Connecting Pressure‐Saturation and Relative Permeability Models to Fracture Properties: The Case of Capillary‐Dominated Flow of Supercritical CO2 and Brine

Abstract

AbstractFractures are potential pathways for subsurface fluids. In the context of geologic CO2 sequestration, fractures could threaten the security of reservoirs since they are pathways for leakage. However, the constitutive equations describing the pressure‐saturation and relative permeability‐saturation, key inputs for flow modeling and prediction, are poorly understood for two‐phase fracture flow at the field scale where each fracture might be an element of a complex fracture network or dual‐porosity domain. This knowledge is required for the safe storage of CO2 under potentially fractured caprocks. To address this, we numerically simulated two‐phase viscous flow through horizontal heterogeneous fractures across a broad range of roughness and aperture correlation length.
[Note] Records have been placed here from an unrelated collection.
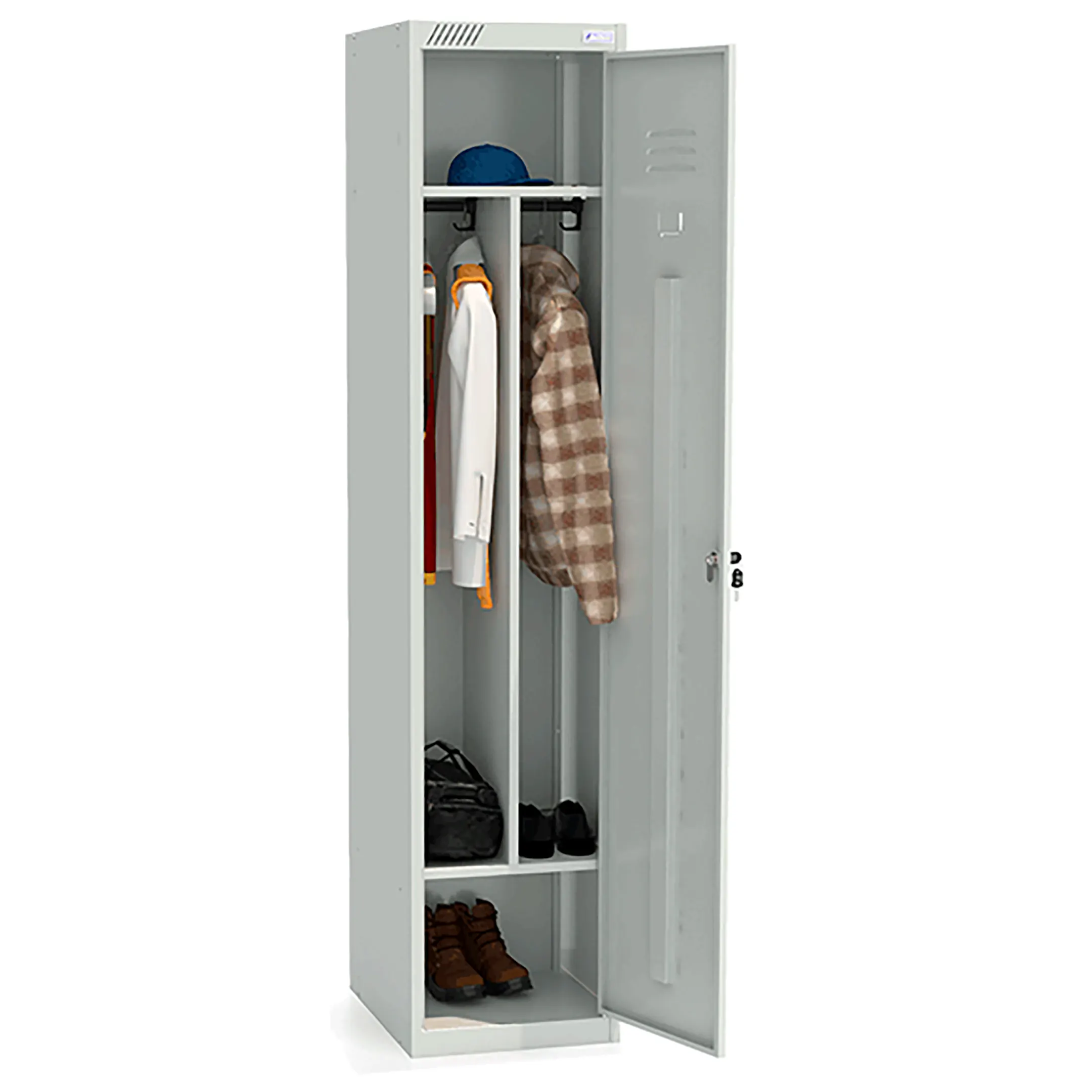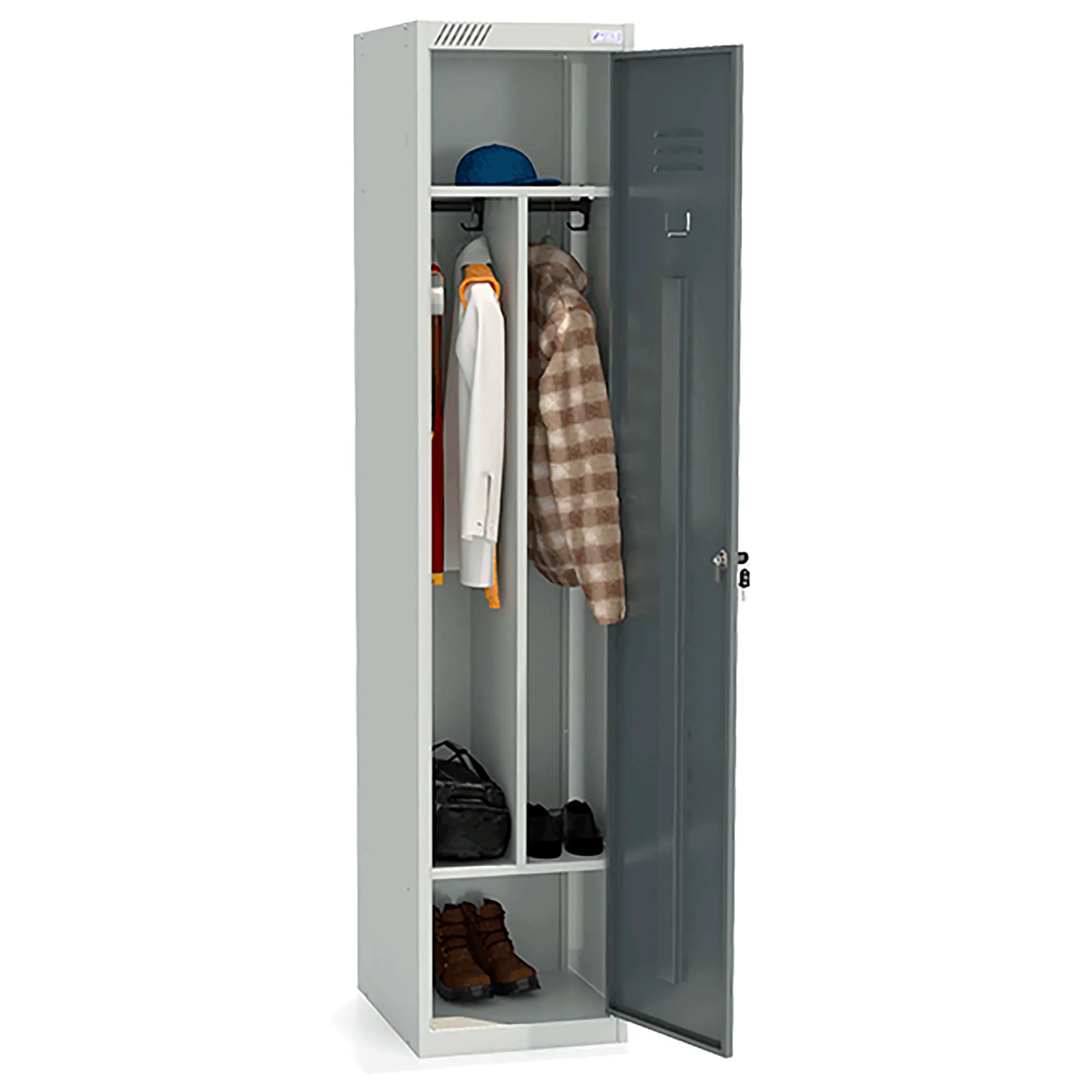- комплектуется вертикальной перегородкой, общей полкой для головных уборов, полкой для обуви, 4 крючками, 2 перекладинами, 1 замком повышенной секретности;
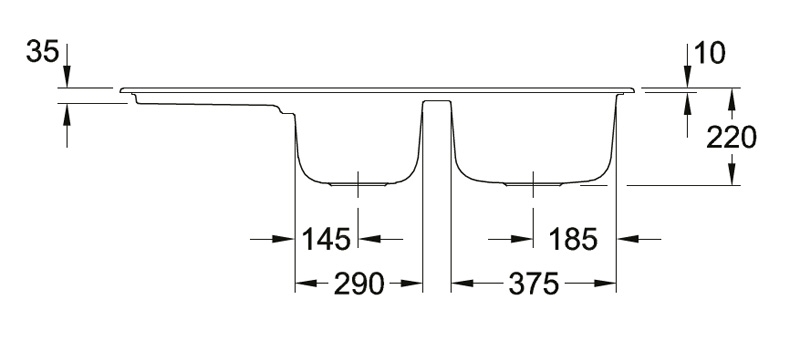 - diese Spüle ist nur als Einbau- bzw. Auflage-Spüle einbaubar; ein flächenbündiger Einbau oder der Einsatz als Unterbau-Spüle ist nicht möglich
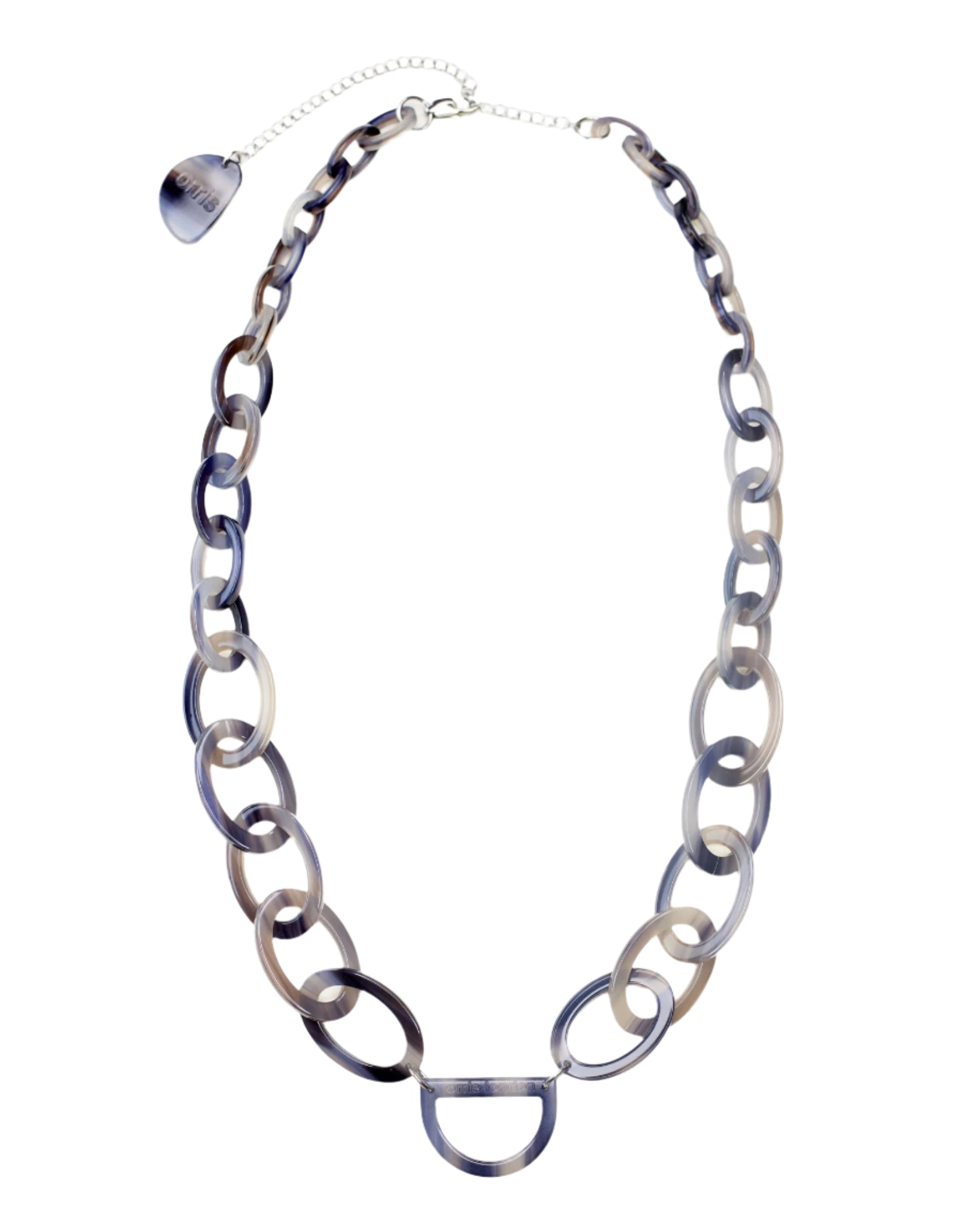 Original D Glasses Necklace is a stylish alternative to ordinary glasses chains and spectacle holders. It is composed of bold hoops made of Italian acetate, joining at the signature ‘D’ shape, creating a beautiful necklace that holds your glasses. You can wear it alone as a necklace, or hang your reading glasses, sunglasses or optical glasses on it.
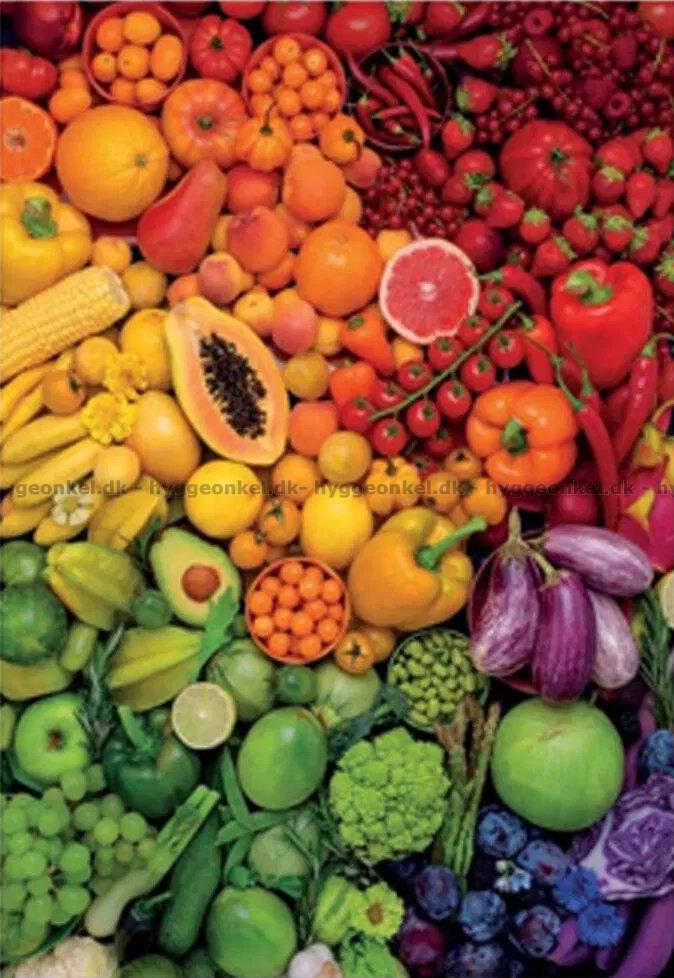 - De flotte og farverige frugter og grøntsager arrangeret som en regnbue
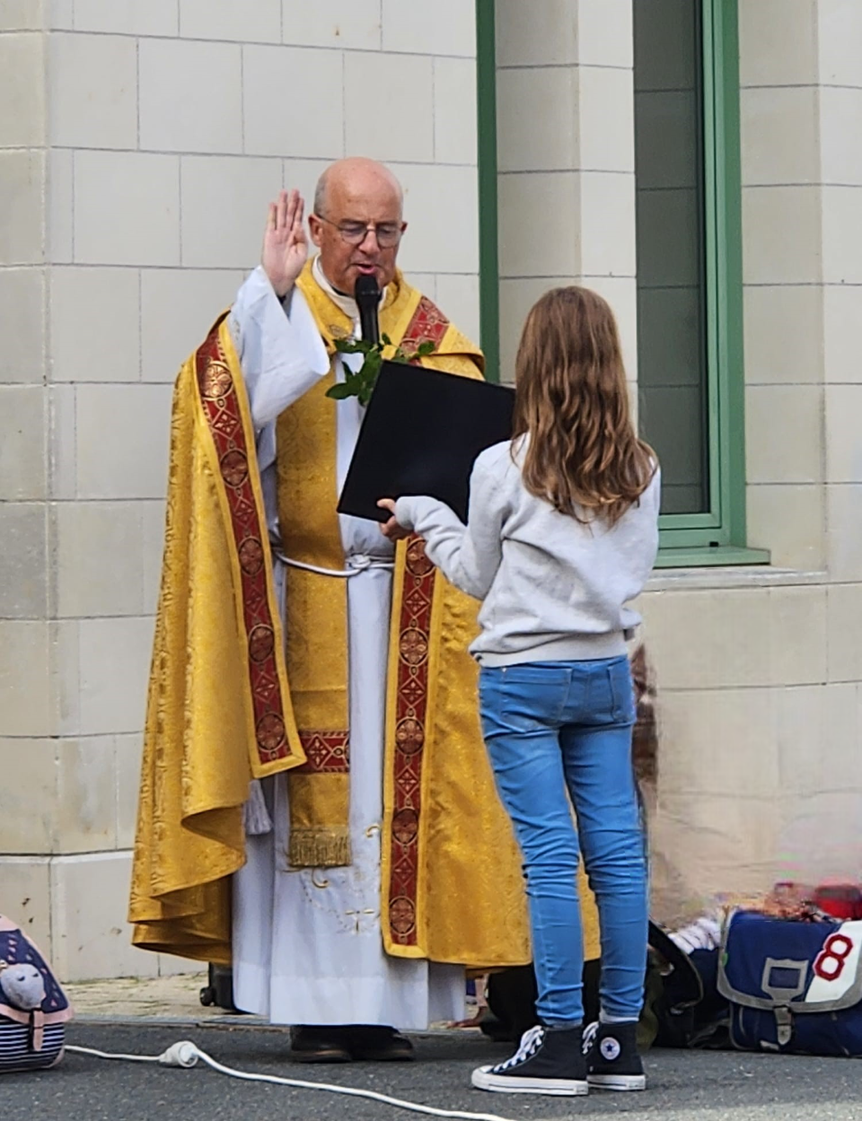 Le jeudi 2 octobre, le père d'Andigné est venu bénir les cartables des élèves et des enseignants.
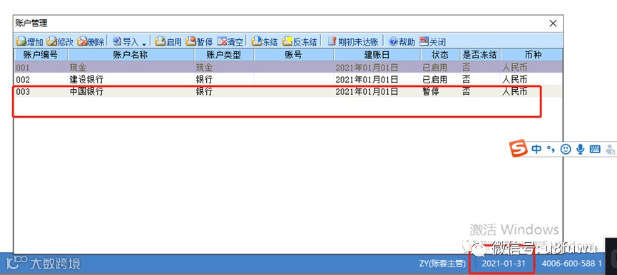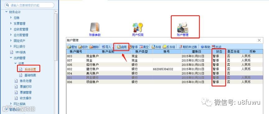 新年度结转后,账户默认是暂停的,需要手工启用。
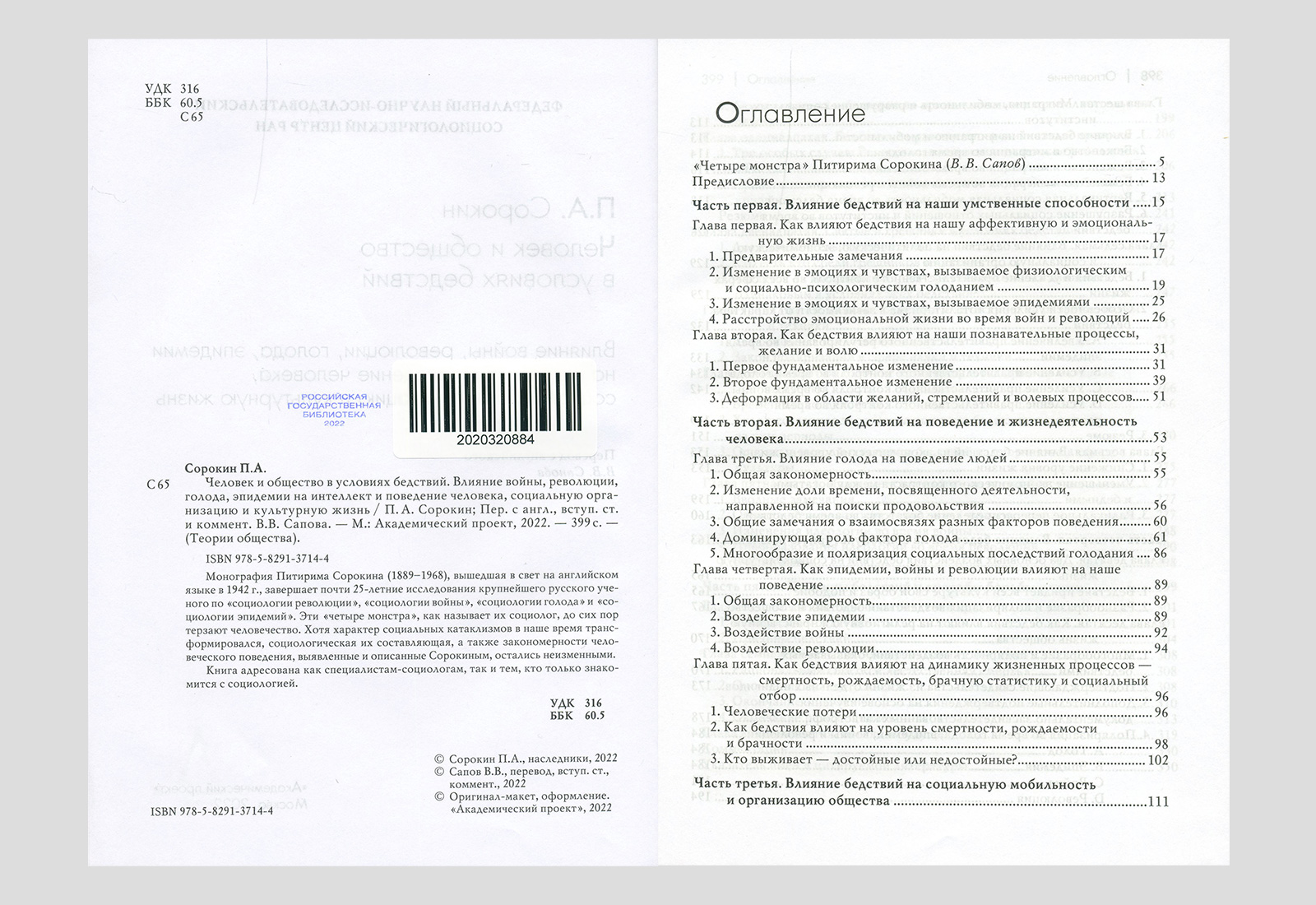 Сорокин, Питирим Александрович. Человек и общество в условиях бедствий. Москва, 2022

The numerical experiments, which solved the modified local cubic law, showed a weak to strong phase interference during the drainage process; that is, supercritical CO2 displaces brine if the imposed pressure + local viscous force > local capillary force. The drainage process ended when no new brine cells can be further invaded by CO2. Afterward, we froze the saturation field for each individual phase and calculated the relative permeability by single‐phase flow modeling. Thousands of simulated pressure‐saturation and relative permeability curves enabled us to estimate and connect the parameters of the Van‐Genuchten model and of the generalized ν‐type model to fracture roughness and aperture correlation length. This empirical connection will be useful for assessing and predicting immiscible two‐phase flow in horizontal rough fractures at the large scale.